- [What you have to do]: The listing is to be reproduced exactly, excluding its pictures.

- [Data shown]:
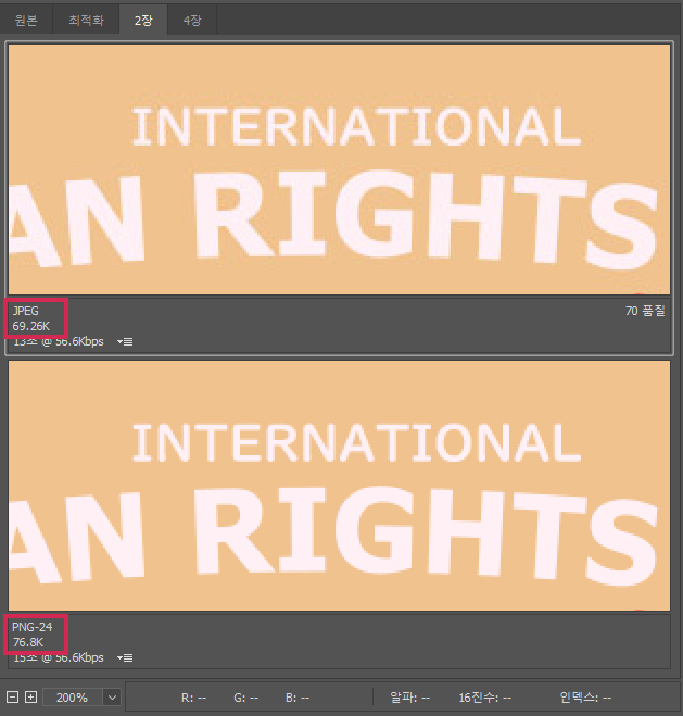 용량이 작은 순대로 나열하면 PNG-8 > GIF > PNG-24 > JPEG이 됩니다.
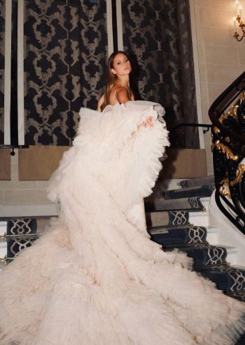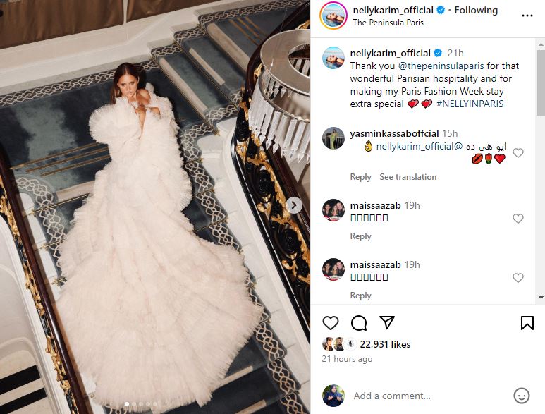 وخضعت نيللي كريم لجلسة تصوير جديدة على خطى عارضات الأزياء العالميات بلمسة سحر مصرية خاصة بها، حيث ارتدت فستان طويل مجسم، بدون أكمام، مكشوف الظهر، صمم من قماش التل المطرز بالكامل بحبات الألماس مع اللؤلؤ وأكملت فخامة إطلالتها بكاب صمم من التل بطبقات الداربية لتشبه الزهرة في بستان الزهور بأسلوب عصري يتناغم مع ذوق ورقي المجتمع الفرنسي المفعم بالسحر والجمال للعالم أجمع.
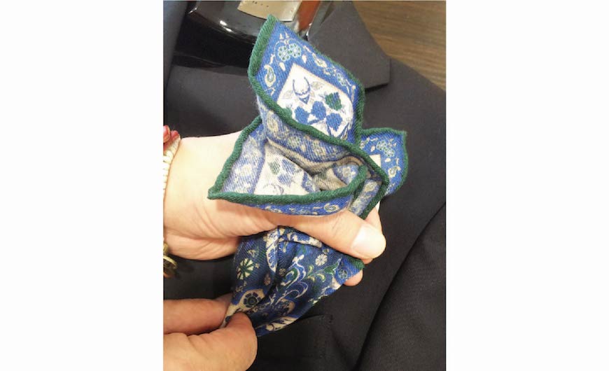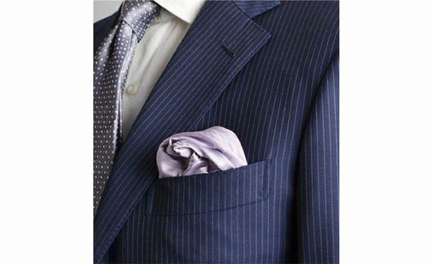 いずれにしても、きちんとした作りのスーツやジャケットに、あえて少し崩したポケットチーフの入れ方をクラッシュドスタイルですることで少し遊びや抜け感が出ると思うので、最近はこちらをおすすめしています。

- [Solution to this exercise]:
 용량이 작은 순대로 나열하면 PNG-8 > GIF > PNG-24 > JPEG이 됩니다.
 وخضعت نيللي كريم لجلسة تصوير جديدة على خطى عارضات الأزياء العالميات بلمسة سحر مصرية خاصة بها، حيث ارتدت فستان طويل مجسم، بدون أكمام، مكشوف الظهر، صمم من قماش التل المطرز بالكامل بحبات الألماس مع اللؤلؤ وأكملت فخامة إطلالتها بكاب صمم من التل بطبقات الداربية لتشبه الزهرة في بستان الزهور بأسلوب عصري يتناغم مع ذوق ورقي المجتمع الفرنسي المفعم بالسحر والجمال للعالم أجمع.
 いずれにしても、きちんとした作りのスーツやジャケットに、あえて少し崩したポケットチーフの入れ方をクラッシュドスタイルですることで少し遊びや抜け感が出ると思うので、最近はこちらをおすすめしています。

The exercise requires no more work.